The Cock Blomhoff family, painted on silk by Ishizaki Yushi in 1817
Even in a largely democratic society, art is sometimes for the privileged only. Since 9 December 2002 the Amsterdam Rijksmuseum is the first museum in the world to have an annex at an airport, while Schiphol is the first airport with a museum in its terminal. The Rijksmuseum Amsterdam Schiphol is located on Holland Boulevard, in the area behind the passport control between the E and F Pier. It’s open every day from 7:00 until 20:00 and admission is free. It houses a permanent exhibition of ten works by Dutch masters of the Golden Age from the Rijksmuseum’s collection and it has a temporary exhibition that changes a number of times a year. But it’s for a select audience, as this museum Rijksmuseum is only accessible to passengers.
Now in it’s seventh year, the Rijksmuseum Amsterdam Schiphol presents Holland and Japan, 400 Years of Trade (11 February-25 May 2009). This exhibition shows four centuries of cultural contacts between the two countries through objects from the Rijksmuseum and other collections. In 1609, the Dutch sent two ships to Japan and received permission from Shogun Tokugawa Ieyasu to establish a factory (trading post) at Hirado. In 1641, the Dutch moved this trading post to Deshima and for 218 years thereafter they joined China in monopolizing trade with Japan.
Scale model of Deshima (Rijksmuseum, Amsterdam)
Holland and Japan highlights the unique position of the Dutch on the isolated island of Deshima and the artistic and cultural interchanges that resulted from the trade relations. Well over 20 works will be on display, including lacquerware, porcelain, a room divider, and paintings from the collection of the Rijksmuseum. Highlight is the 6-meter-plus-long woodblock print, featuring scenes from everyday life on Deshima.

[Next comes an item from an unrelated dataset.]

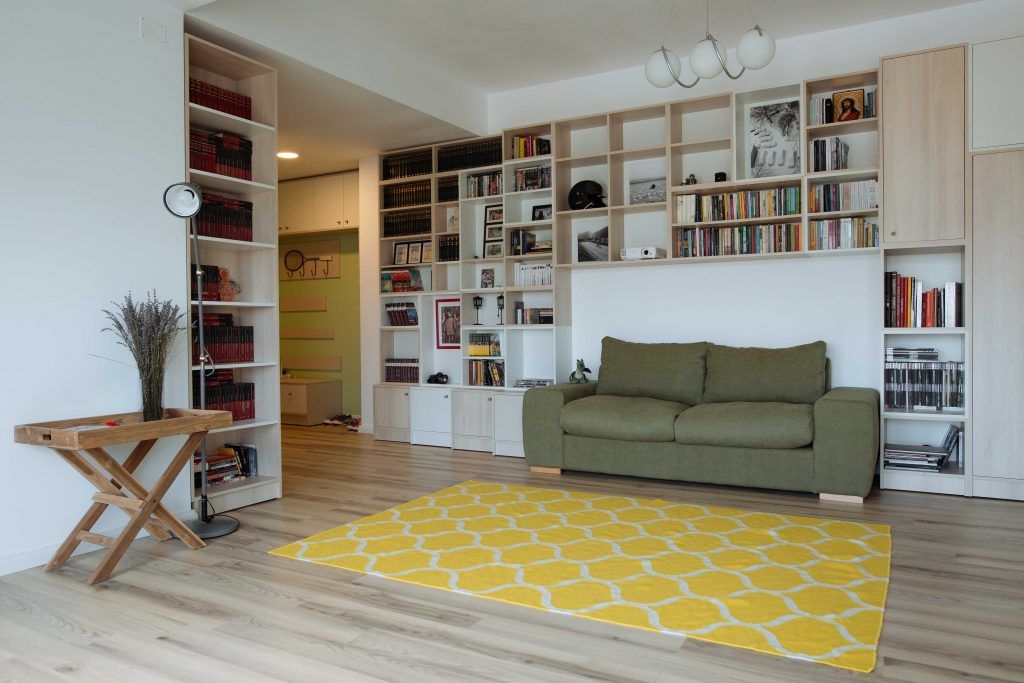 Apartamentul, cu o suprafata de 73 metri patrati, este situat aproape de centrul orasului cu o priveliste frumoasa asupra Bucurestiului. Calin, impreuna cu familia sa, a dorit ca noua locuinta sa fie una calda, aerisita si luminoasa, neaparat cu biblioteca cat mai mare, cu o zona de dining cu bancuta si masa si cu o bucatarie bine organizata.

There’s also a very special treat, as the Rijksmuseum recently purchased the earliest portrait of a Dutch family in Japan, This picture of the Cock Blomhoff family, painted on silk by Ishizaki Yushi in 1817, is also on show at Schiphol.
All in all, the exhibition displays artistic beauty as a by-product of an almost exclusively mercantile interaction, as the first Dutchmen who came to Japan were primarily merchants interested in making a profit and neither willing nor able to study Japanese culture (see The Low Countries). And the Japanese themselves mostly kept away from these ‘red-headed barbarians’, whom they described as having ‘white skins, high noses and white pupils in their eyes’.